Entries taken from a collection:

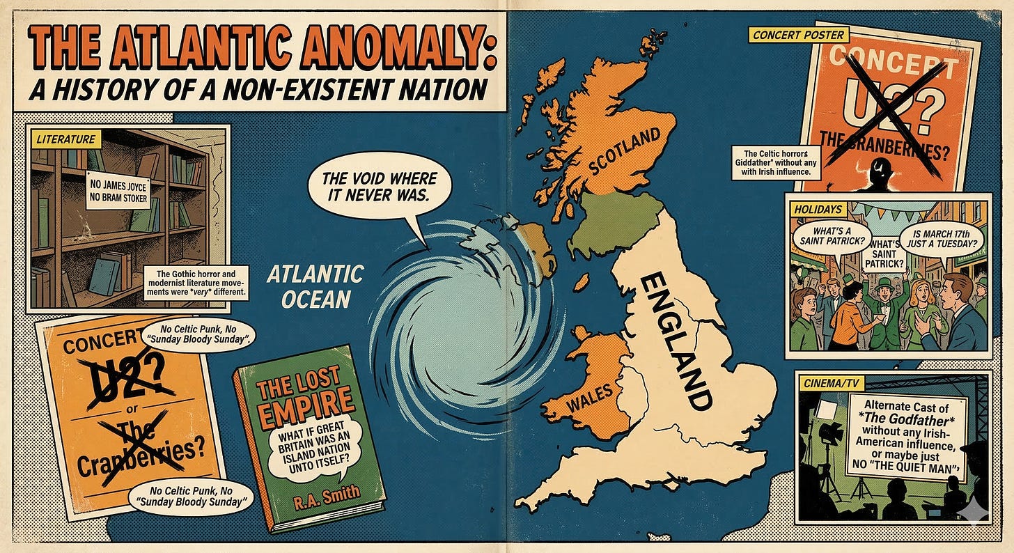 Ireland is, by most accounts, an island. It sits in the North Atlantic, slightly west of Britain, as if it was trying to leave a party early and got stuck at the door. Approximately 5 million people live on it. They have produced, per capita, more Nobel laureates, world-class writers, guilt, and unsolicited opinions about your mother’s cooking than any comparable landmass in recorded history. But what if the whole thing, the limestone, the rain, the GAA, the passive-aggressive hospitality, simply never happened?
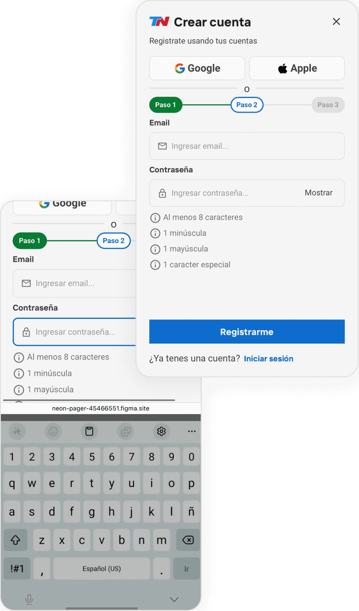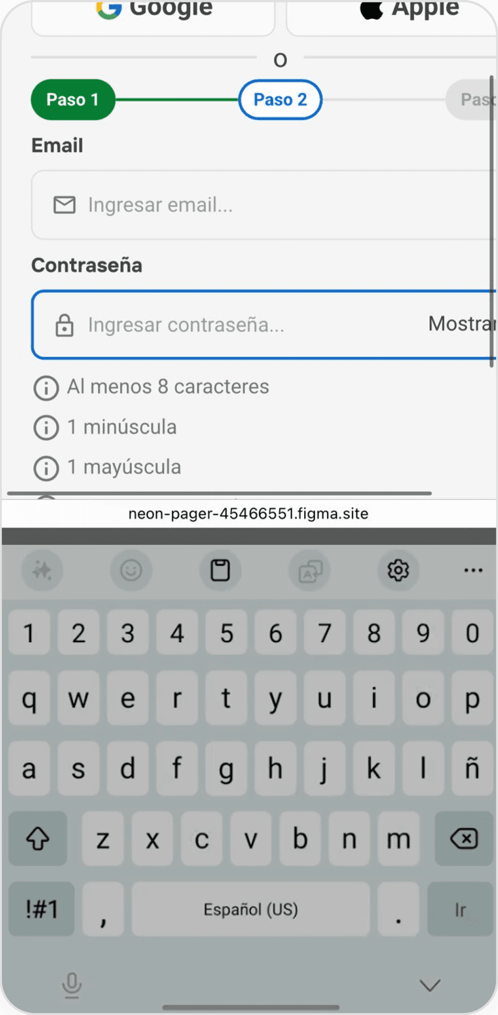 Construimos un prototipo de alta fidelidad que replica la lógica real del login/registro: validaciones de campos, requisitos de contraseña, estados de error y avance por pasos.
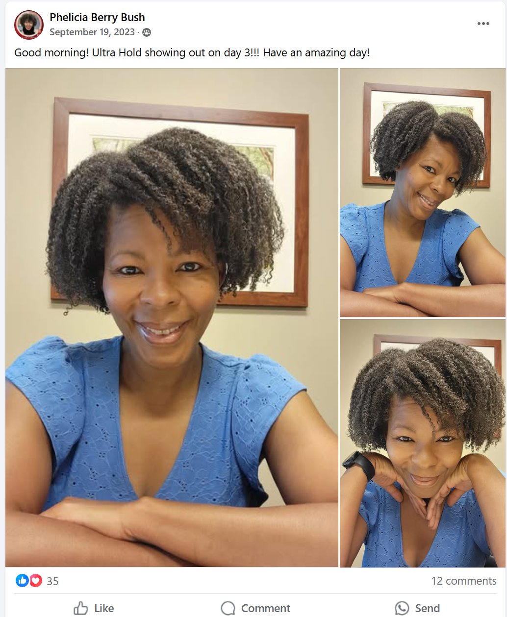 She's mastered her curls and gets compliments at the grocery store, work, church, and from friends and family.
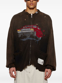 Car distresses cardigan Highlights - Chocolate brown - Front zip fastening - Crew neck - Long sleeves - Ribbed trim Imported Composition Cotton 100%
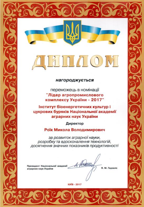 За розвиток аграрної науки, розробку та вдосконалення технологій, досягнення значних показників продуктивності Інститут біоенергетичних культур і цукрових буряків нагороджений дипломом Президії НААН України в номінації «Лідер агропромислового комплексу України 2017».

◆ **Directions for this task**:
Every record above must be copied exactly, and no picture may appear in the copy.

◆ **Worked solution**:
 Ireland is, by most accounts, an island. It sits in the North Atlantic, slightly west of Britain, as if it was trying to leave a party early and got stuck at the door. Approximately 5 million people live on it. They have produced, per capita, more Nobel laureates, world-class writers, guilt, and unsolicited opinions about your mother’s cooking than any comparable landmass in recorded history. But what if the whole thing, the limestone, the rain, the GAA, the passive-aggressive hospitality, simply never happened?
 Construimos un prototipo de alta fidelidad que replica la lógica real del login/registro: validaciones de campos, requisitos de contraseña, estados de error y avance por pasos.
 She's mastered her curls and gets compliments at the grocery store, work, church, and from friends and family.
 Car distresses cardigan Highlights - Chocolate brown - Front zip fastening - Crew neck - Long sleeves - Ribbed trim Imported Composition Cotton 100%
 За розвиток аграрної науки, розробку та вдосконалення технологій, досягнення значних показників продуктивності Інститут біоенергетичних культур і цукрових буряків нагороджений дипломом Президії НААН України в номінації «Лідер агропромислового комплексу України 2017».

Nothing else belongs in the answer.